Commercial-scale Genome Center

Complete Genomics’ innovative sequencing technology will be uniquely offered as a service through its own commercial-scale genome center. Customers will have access to large-scale, complete human genomic data analysis without making a major in-house investment in instruments or high-performance computing resources.

Complete Genomics, Inc File Access API

Welcome to the Complete Genomics File Access API. This API is licensed in source form under the terms of the Apache License 2.0. To review the full terms of this license please read the contents of the LICENSE.txt file found within the software distribution which contains this file.

This software distribution is intended to simplify access to genomic sequence data stored in the CGI file formats. This API supports access to several types of data, including: - Reads - called bases and quality scores - Empirical estimates - gap distribution and score-to-accuracy - Alignment - mapping to a reference sequence - Variations - called consensus variations Additional information on these file types can be found in the doc/DataFileFormats-API.pdf file included in this distribution.

This distribution also includes example programs which can be used to test data sets.

Instructions for compiling and using this software can be found in the INSTALL.txt files delivered as part of this software distribution.
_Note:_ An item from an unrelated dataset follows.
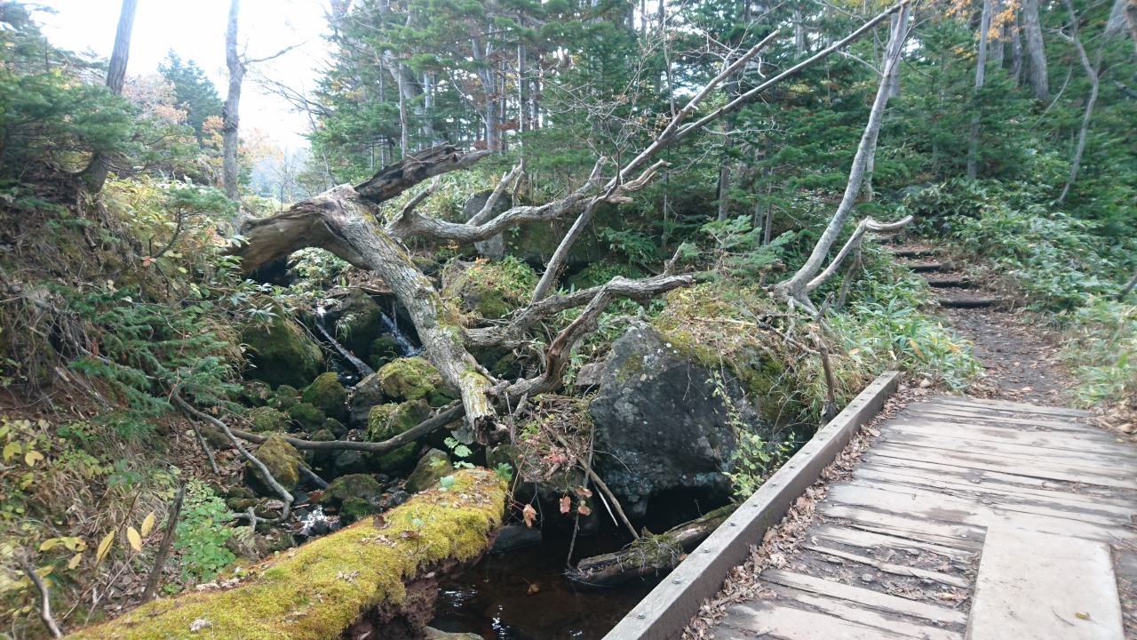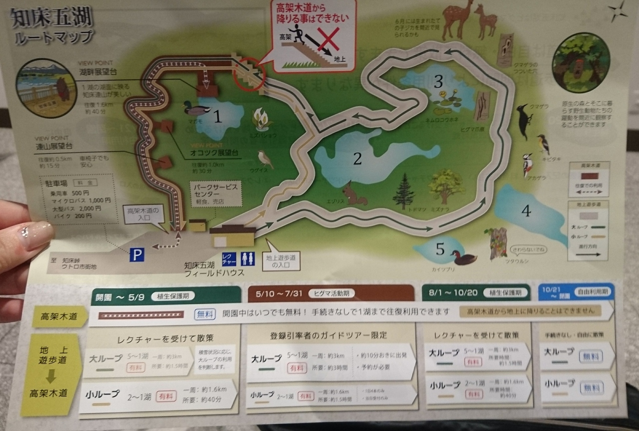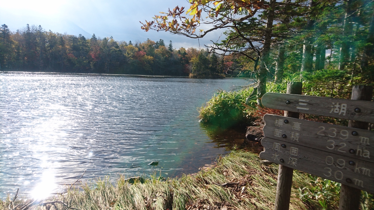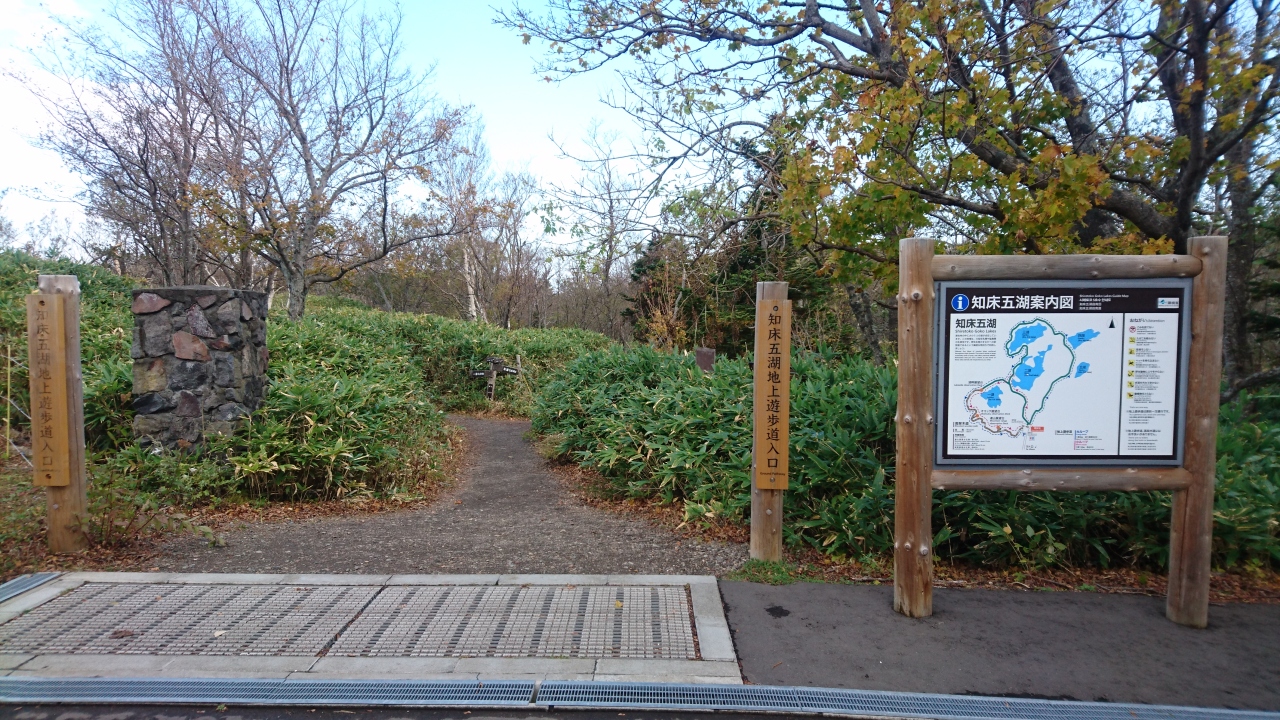 (日)の8時頃、車で到着。今日は地上遊歩道が歩けるとの事だったので、250円を支払い、申請書を記入し10分の講習を受けて大ループコースへ。講習は10分間隔で開催されていて8時20分の回はたったの5人だった。前日の雨の影響でぬかるみが発生している箇所もあったが、五湖を1,5時間掛けて散策。天気もよく少し紅葉もしていて爽やかに散策出来た。高架木道からは逆行出来ないようにドアが設置されてあった。(木道側からは取っ手がないので開けられない)高架木道は無料エリアなので観光客が多かった。10時頃は曇ってきて空気も冷たくダウン、マフラー、手袋をしたくらい。知床五湖に来た際は大ループがオススメ!駐車代は500円。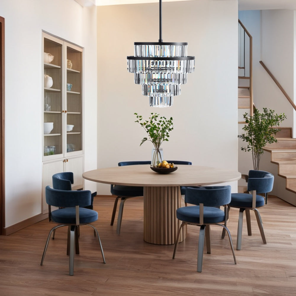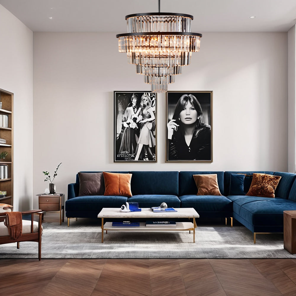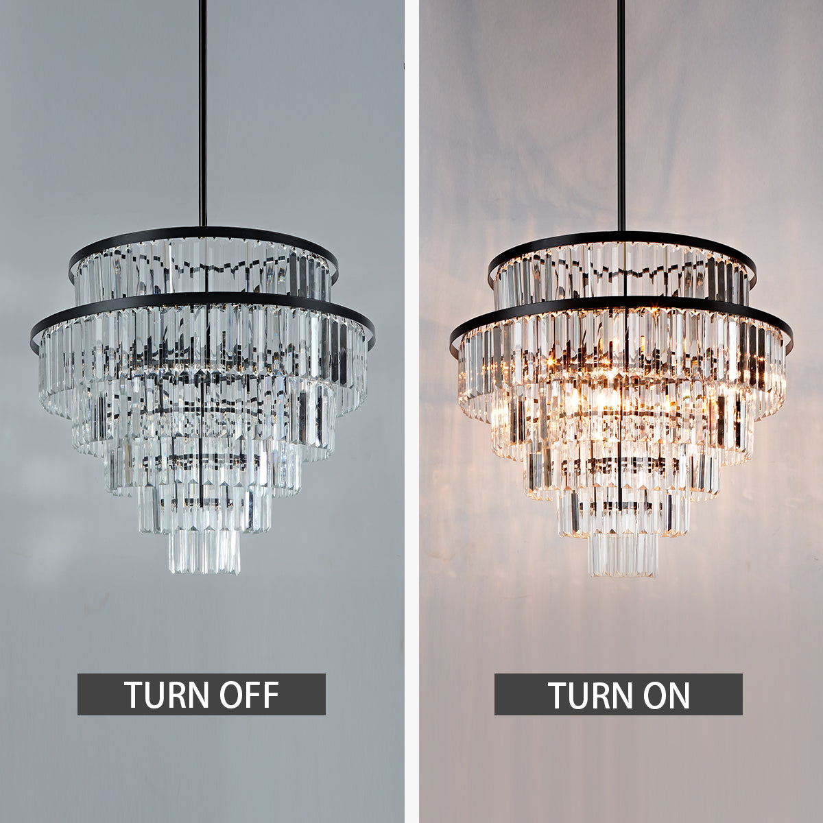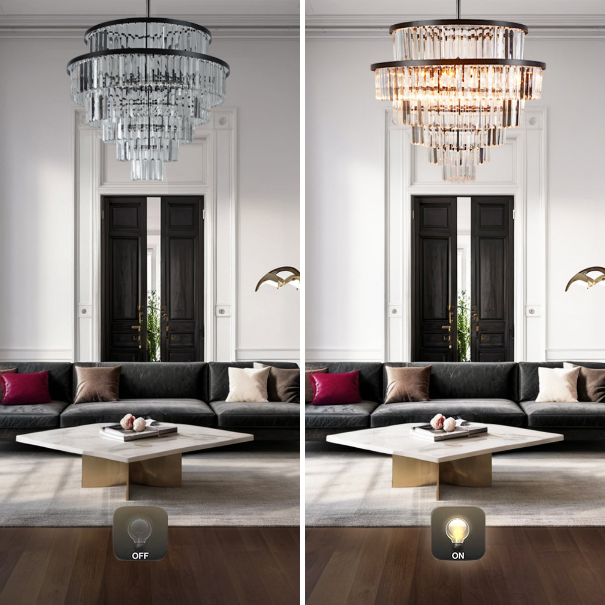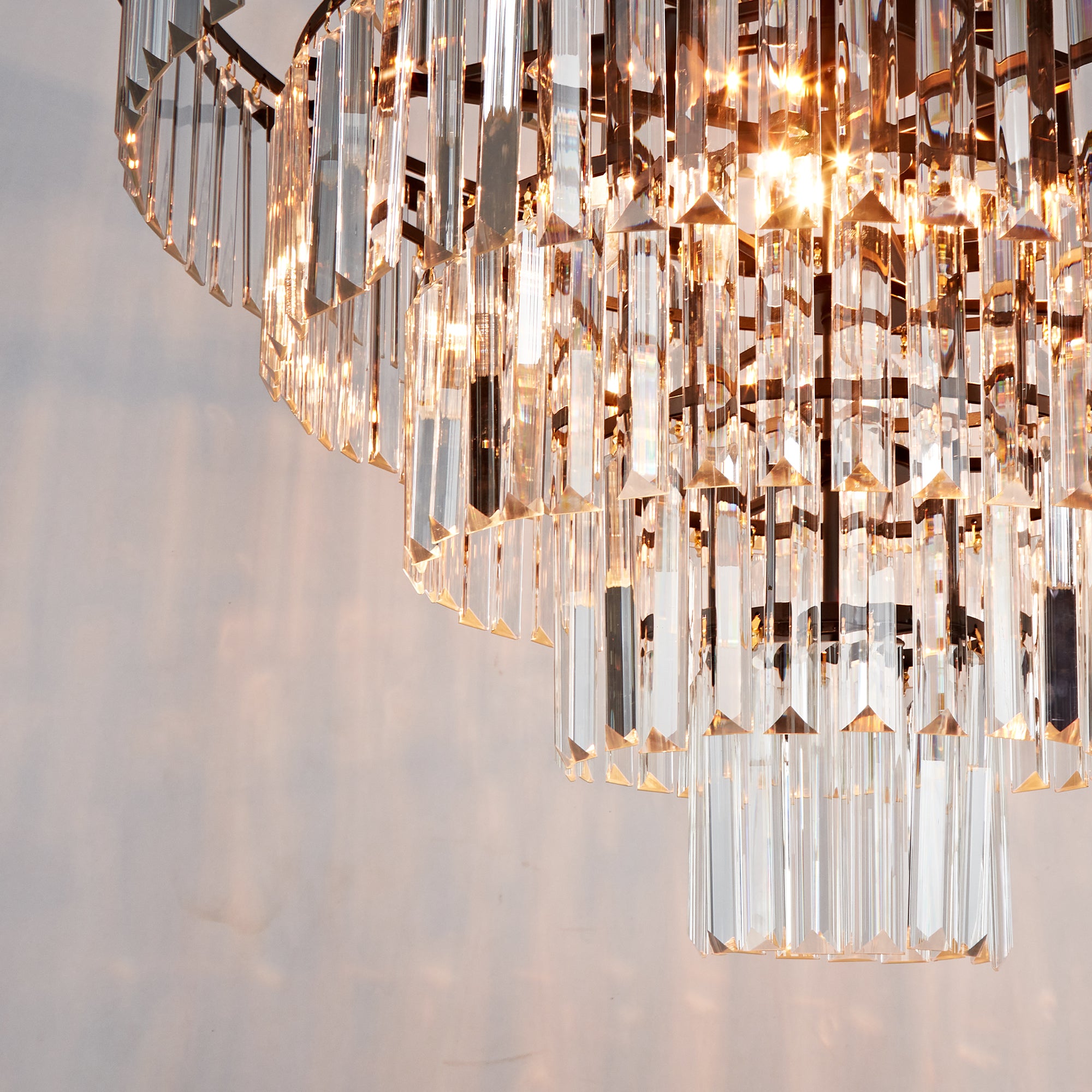 - Hang this living room chandelier above a dining table, in an entryway, or the bedroom to create a mesmerizing lighting display that sparkles and evokes a sense of drama.

Bug reports, source contributions or modifications, questions, or other correspondence should be sent to dev-support@completegenomics.com

While CGI offers this distribution on an as-is basis, we are grateful for suggestions as to how we can improve it.

Version Notes

Version 1.2.1
15-Jul-2009
New Features/Changes
The documentation was updated and a new example program was provided. The documentation contains a tutorial on programming with the API and contains additional instructions on successful installation of the API. The new example program creates fastQ output from the raw reads. There are no other changes to the API.
Version 1.2.0
15-Jun-2009
New Features/Changes
1) Support for sequence-dependent gap distribution. New API in the CompleteGenomics::Library::SmallGapDistribution class: double getDensity(const GapTuple& gaps, const SequenceRetriever& sr) const; ../src/common/DnbLimits.hpp ../src/libdnbcollection/GapsEstimator.cpp (new) ../src/libdnbcollection/GapsEstimator.hpp (new) 2) Support for the new score vs discorance estimates in ../src/libdnbcollection/DnbCollection.cpp ../src/libdnbcollection/DnbCollection.hpp ../src/libmapper/MappingResult.cpp ../src/libmapper/MappingResult.hpp 3) Support for LFR configurations ../src/libdnbcollection/TagMapper.cpp ../src/libdnbcollection/TagMapper.hpp ../src/libdnbcollection/Collection.cxx ../src/libdnbcollection/Collection.hxx ../src/libdnbcollection/Collection.xsd 4) Formatting and convience changes (extra operators for Location, Range and others ../src/ReferenceGenome.hpp (Vitali) ../src/common/ErrorHandling.cpp ../src/common/ErrorHandling.hpp 5) Minor changes to error handling classes ../src/libdnbcollection/CollectionUtilities.cpp ../src/libdnbcollection/CollectionUtilities.hpp
Known Issues
1) This version of the API is NOT compatible with the data produced before version 1.2.0 (version 1.1.0 and 1.0.1). To analyze data produced before Jun 15th, 2009 use the API provided with the data.
Version 1.1.0
5-Mar-2009
New Features
1) Support for degenerate base pair codes (ambiguity codes) in the reference genome.
Known Issues
1) This version of the API is NOT compatible with the reference genome data (GBI) files provided before version 1.1.0 (version 1.0.1).